Der kurze Downstream-Reinigungsprozess des Maul- und Klauenseuche-Impfstoffs
Die Maul- und Klauenseuche (MKS) ist eine akute, heiße und hoch ansteckende Infektionskrankheit, die durch das Maul- und Klauenseuchevirus verursacht wird und fast alle Klauentiere (Schweine, Rinder und Schafe usw.) infizieren kann. Es ist die bisher ansteckendste Tierkrankheit und die schädlichste für die Tierhaltung.
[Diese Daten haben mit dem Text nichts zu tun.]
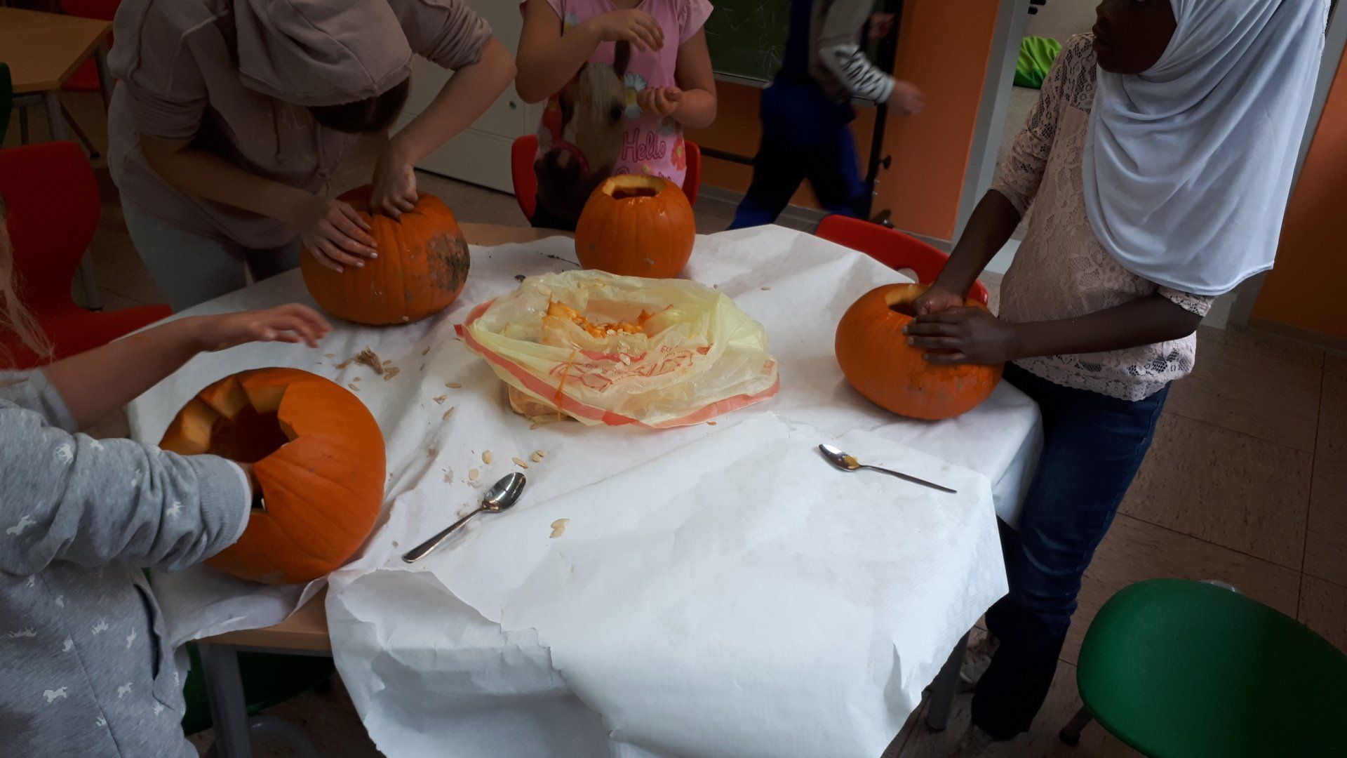 Am Montag und Dienstag starteten alle Teilnehmenden gemeinsam mit einem ausgiebigen Frühstück und einer anschließenden und ausgiebigen Spiel- und Spaßrunde in der Turnhalle. Im Anschluss hatten alle Kinder die Möglichkeit aus weiteren Beschäftigungsangeboten zu wählen. Zum einen waren die abwechslungsreichen und kreativen Bastelangebote sehr beliebt. So wurden am Montag Kürbisse aus Tonpapier und am Dienstag, zum Einstimmen auf den bevorstehenden Ausflug ins Planetarium am Folgetag, Raketen gebastelt. Zum anderen wurde von allen Kindern die Möglichkeit rauszugehen rege genutzt. Die allermeisten Kinder waren jedoch über den Tag in der Turnhalle anzutreffen, in der abwechslungsreiche Spiel- und Bewegungsangebote bereitgehalten wurden.

Die Hauptübertragungswege der Maul- und Klauenseuche sind der Verdauungs- und Atemtrakt, geschädigte Haut, Schleimhäute und intakte Haut (z. B. Brusthaut), Schleimhäute (Augenbindehaut). Es kann auch durch die Luft sowie durch Urin, Milch, Sperma und Speichel übertragen werden. Die Vorbeugung und Bekämpfung der Maul- und Klauenseuche in unserem Land erfolgt hauptsächlich durch Impfung, und der Ausbruch der Maul- und Klauenseuche wird gejagt. Die Impfung ist ein wirksames Mittel zur spezifischen Vorbeugung der Maul- und Klauenseuche.
Impfungen sind ein zuverlässiges und wirksames Mittel zur spezifischen Vorbeugung von Maul- und Klauenseuche, und ein sicherer und wirksamer Impfstoff ist eine Voraussetzung für die erfolgreiche Vorbeugung, Kontrolle und letztendliche Ausrottung der Maul- und Klauenseuche. Abgeschwächte und inaktivierte Impfstoffe und andere herkömmliche Impfstoffe weisen eine gute Immunogenität auf und spielen eine wichtige Rolle bei der Vorbeugung und Kontrolle der Maul- und Klauenseuche. Ausbrüche der Maul- und Klauenseuche in einigen Teilen der Welt scheinen jedoch mit den verbleibenden lebenden Viren in inaktivierten Impfstoffen zusammenzuhängen, was auf unsichere Faktoren wie starke Virusvirulenz, unvollständige Inaktivierung von Viren und das Entkommen lebender Viren aus Verarbeitungsanlagen zurückzuführen ist. Dies führt zur Suche nach einem sichereren und wirksameren Maul- und Klauenseuche-Impfstoff. Mit der rasanten Entwicklung der molekularbiologischen Technologie entstehen gentechnisch veränderte Impfstoffe gegen das Maul- und Klauenseuche-Virus (MKSV), wie Untereinheitenimpfstoffe, fütterbare Impfstoffe, synthetische Peptidimpfstoffe, Proteinträgerimpfstoffe, Gendeletionsimpfstoffe, Lebendträgerimpfstoffe, Nukleinsäureimpfstoffe usw.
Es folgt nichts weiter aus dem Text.